Sou um grande fã da Pixar. Eles conseguem criar animações que falam com adultos e crianças ao mesmo tempo, fazendo rir e se emocionar com a história de seus personagens.

Se foi assim com os filmes anteriores do estúdio, assim é com “Soul”, dirigido por Pete Docter (Monstros S.A., Up, Divertida-Mente), e que estreou com exclusividade no serviço de streaming Disney+. Assista com seus filhos, que darão gargalhadas nas sequências humorísticas enquanto você chora com os dramas dos personagens.

“Soul” conta a história de Joe Gardner, pianista que deseja ser um grande músico de jazz mas que só consegue trabalho como professor de crianças sem jeito pra música – com exceção de uma trombonista. Aliás, irônica fica aquela clássica abertura Disney com o castelo de Cinderela e o tema musical de Pinóquio, sua eterna assinatura, desta vez tocada pela desafinada banda dos alunos de Joe. Um protagonista que, não por acaso, tem um sobrenome que significa “jardineiro” (Gardner), mas aí estou quase dando spoiler 🙂
Sem estragar nenhuma surpresa: Joe vai para o Além após um acidente, mas se recusa a entrar no Céu (o “Great Beyond”). Acaba caindo no “Great Before”, um setor pré-vida onde as pequenas almas passam por uma mentoria antes de nascerem para poderem ir pra Terra com alguma personalidade. O Great Before é clean, asséptico e burocrático, com seres vaporosos de fala suave, e esse ambiente faz um contraponto perfeito com o caos da vida humana, na barulhenta e lotada New York – aonde se passa a parte terrena de “Soul”.

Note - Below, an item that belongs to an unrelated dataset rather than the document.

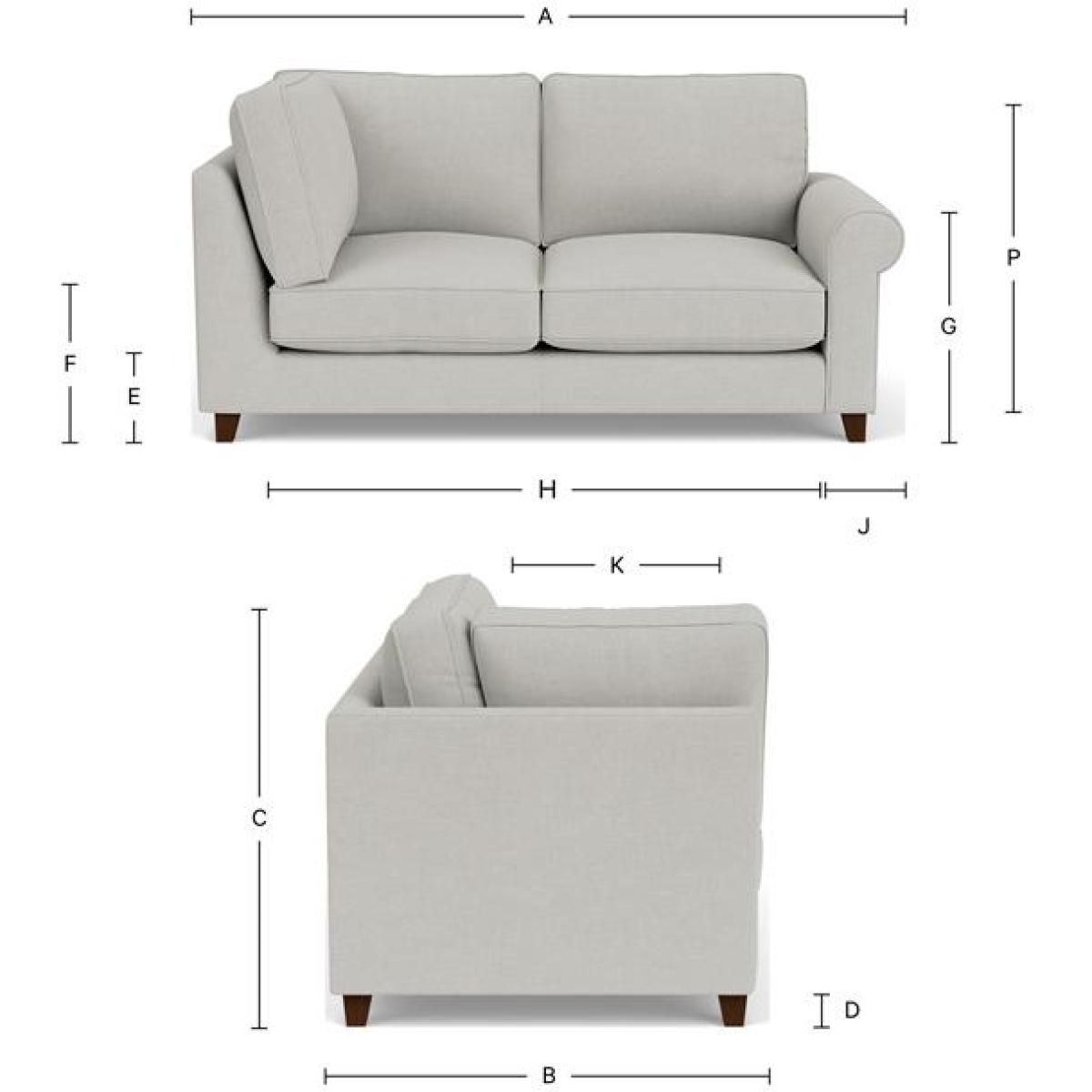 The Dalby Medium Corner Unit is ideal for creating a good-sized modular corner sofa that is comfortable and stylish. It comes in a variety of fabrics and colours. The medium corner unit does not come with any scatter cushions included, however additional scatter cushions can be added with a variety of fabrics to choose from to complement your sofa. External (cm): - Width (A) = 188 - Depth (B) = 95 - Height (C) = 96 Seat (cm): - Width (H) = 142 - Depth (K) = 62 - Height (F) = 48 Arm (cm): - Width (J) = 15 - Height (G) = 60 Legs (cm): - Height (D) = 11 Frame Height (without Feet): - Height (P) = 71

Os dois cenários do filme (Terra e Além) se diferenciam pela construção gráfica e direção de arte, construção dos personagens, mas também pela música de cada ambiente – repare nisso quando for assistir. A vida mundana de Joe tem como trilha sonora obviamente o jazz, e aqui a música ficou a cargo do band leader Jon Batiste. Já o mundo celeste tem os sintetizadores etéreos e texturas quase New Age de Atticus Ross e Trent Reznor (se quiser ver uma entrevista com eles, clique aqui), da banda Nine Inch Nails, que criaram por exemplo os temas de The Social Network (A Rede Social). Senti que a música no Além Vida se parece com a sonorização do Wii – se você tem esse console, pense nisso.

Quando assistir à animação, lembre-se de que “cat” é a forma como os músicos de jazz chamam uns aos outros (há um gato na história, mas falar mais do que isso é estragar o que está por vir).
A história de “Soul”, no final das contas, é uma parábola quase zen budista sobre o sentido da vida, o valor das pequenas coisas e as trocas entre as pessoas. Seremos peixes nadando na água, ansiosos e angustiados querendo nadar no oceano sem perceber que já estamos nele?
Perto do final, um dos seres do Além diz que eles “estão no negócio da Inspiração há muito tempo”. Parece a Pixar falando de si mesma. E é verdade.